3. Wrong Nodepool Name in Migration Job

Status: ✅ Fixed Location: k8s/migration-job.yaml

Problem:

  • Migration Job pod stuck in "Pending" status
  • Error: "node(s) didn't match Pod's node affinity/selector"

Root Cause: Node affinity specified "default-pool" but cluster uses "primary-node-pool"

Solution: Removed node affinity entirely (unnecessary for migration job)

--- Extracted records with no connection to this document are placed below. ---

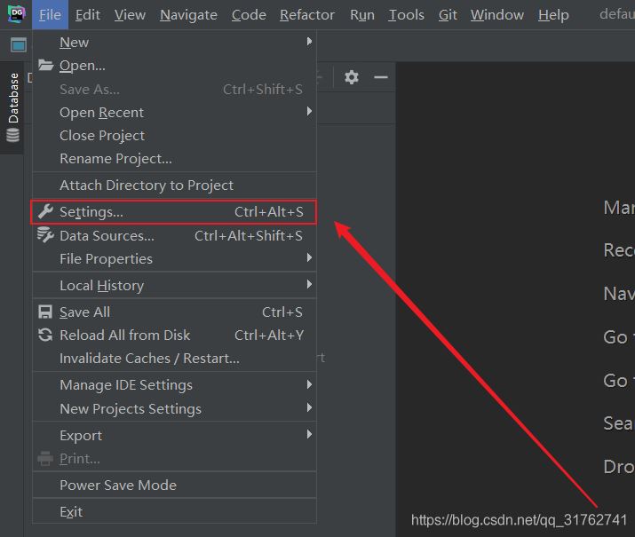 點(diǎn)擊Settings,或者按快捷鍵Ctrl+Alt+S
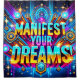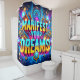 Esta cortina de chá diz "Manifesto seus sonhos" nela.
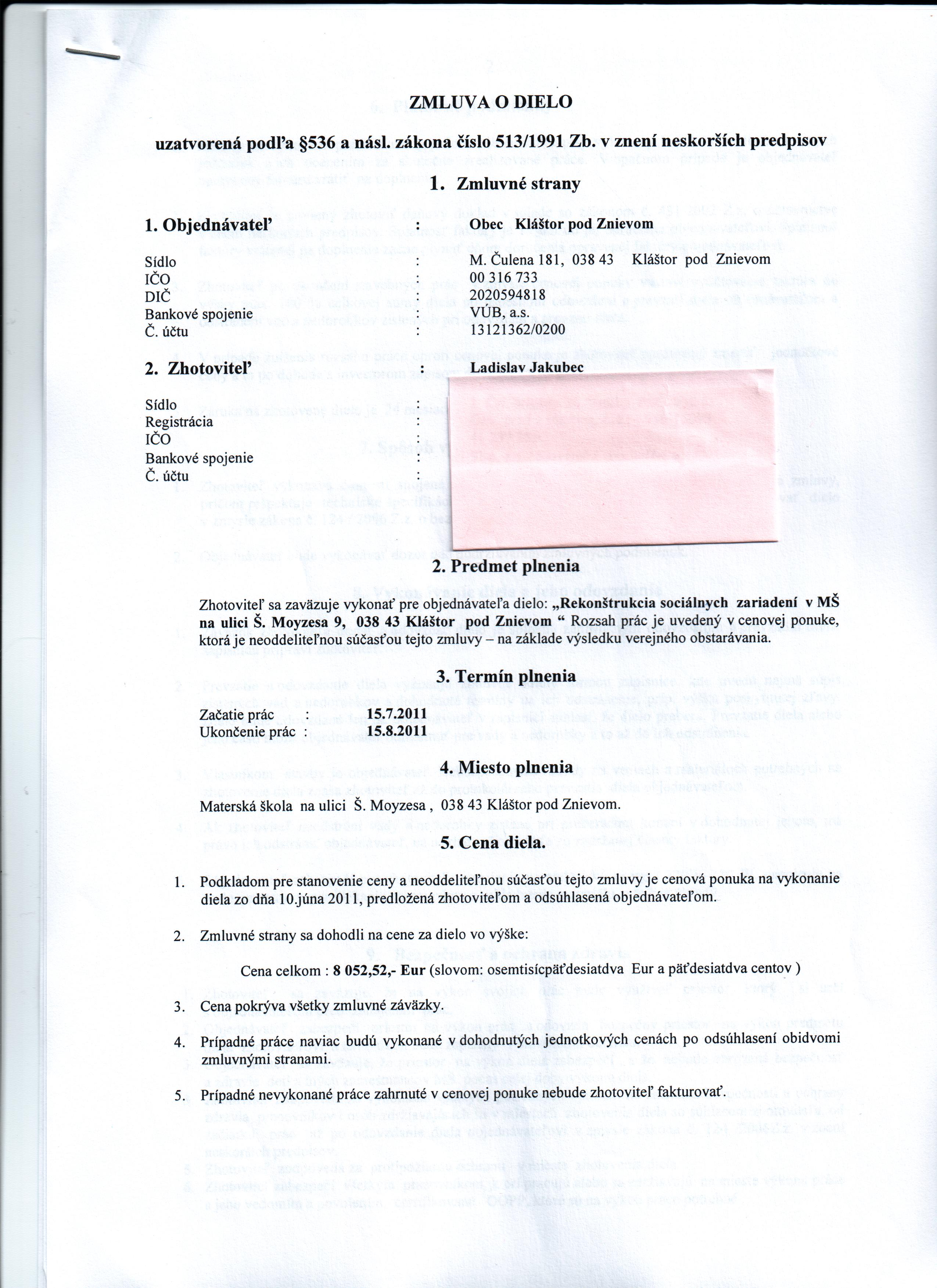 | Zmluvná strana 2: | Ladislav Jakubec |

Lesson Learned: Always check actual cluster node labels before hardcoding affinity rules

Investigation Commands:

# Check actual nodepool names
kubectl get nodes -o jsonpath='{range .items[*]}{.metadata.labels.cloud\.google\.com/gke-nodepool}{"\n"}{end}'

# Describe pod to see scheduling failures
kubectl describe pod -n NAMESPACE POD_NAME

4. Wrong Docker Registry

Status: ✅ Fixed Location: k8s/migration-job.yaml

Problem:

  • Initially tried gcr.io/... (Google Container Registry)
  • Actual images in us-central1-docker.pkg.dev/... (Artifact Registry)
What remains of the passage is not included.